Re: [gmx-users] Tests with Threadripper and dual gpu setup

2018-02-12 Thread Harry Mark Greenblatt
BS”D



Did you build with or without hwloc?

I did use hwloc.




—
Gromacs 2018 rc1 (using gcc 4.8.5)
—

Using AVX_256


You should be using AVX2_128 or AVX2_256 or Zen! The former will be fastest
in CPU-only runs, the latter can often be (a bit) faster in GPU accelerated
runs.


Once I saw that AVX2_128 was faster, I did not think there would be an 
advantage to AVX2_256 on GPU runs.

So is there any suggestion to overcome the problem of gcc 5.5 not recognising 
what CPU hardware I have (not that 5.5 gave much of an advantage in Gromacs 
2016).


Now force Dynamic Load Balancing

gmx mdrun -v -deffnm test.npt -s test.npt.tpr -pme gpu -pin on -ntmpi 4
-npme 1 -gputasks 0011 -nb gpu -dlb yes


I would recommend *against* doing that unless you have concrete cases where
this is better than "-dlb auto" -- and if you have such cases, please share
them as it is not expected behavior. (Note: DLB has acquired the capability
to observe when turning it on it leads to performance drop and it switches
off automatically in such cases!)


I did see that it in some cases it was turning off DLB for a while, or for the 
rest of the run.

In my case however, I did get better results by forcing it to be on.

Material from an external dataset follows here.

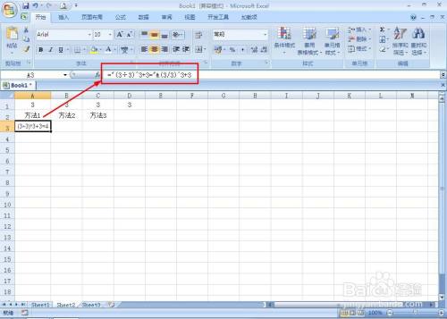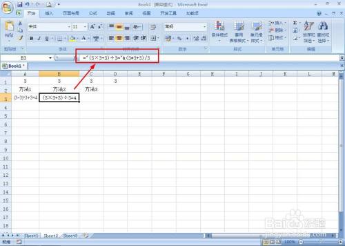 选择B3单位格——输入公式:="(3×3+3)÷3="&(3*3+3)/3——回车确定,显示出:(3×3+3)÷3=4

I can send the .tpr file to you, off-list, if you want…



Thanks

Harry





Harry M. Greenblatt
Associate Staff Scientist
Dept of Structural Biology   
harry.greenbl...@weizmann.ac.il<../../owa/redir.aspx?C=QQgUExlE8Ueu2zs5OGxuL5gubHf97c8IyXxHOfOIqyzCgIQtXppXx1YBYaN5yrHbaDn2xAb8moU.=mailto%3aharry.greenblatt%40weizmann.ac.il>
Weizmann Institute of SciencePhone:  972-8-934-6340
234 Herzl St.Facsimile:   972-8-934-3361
Rehovot, 7610001
Israel

-- 
Gromacs Users mailing list

* Please search the archive at 
http://www.gromacs.org/Support/Mailing_Lists/GMX-Users_List before posting!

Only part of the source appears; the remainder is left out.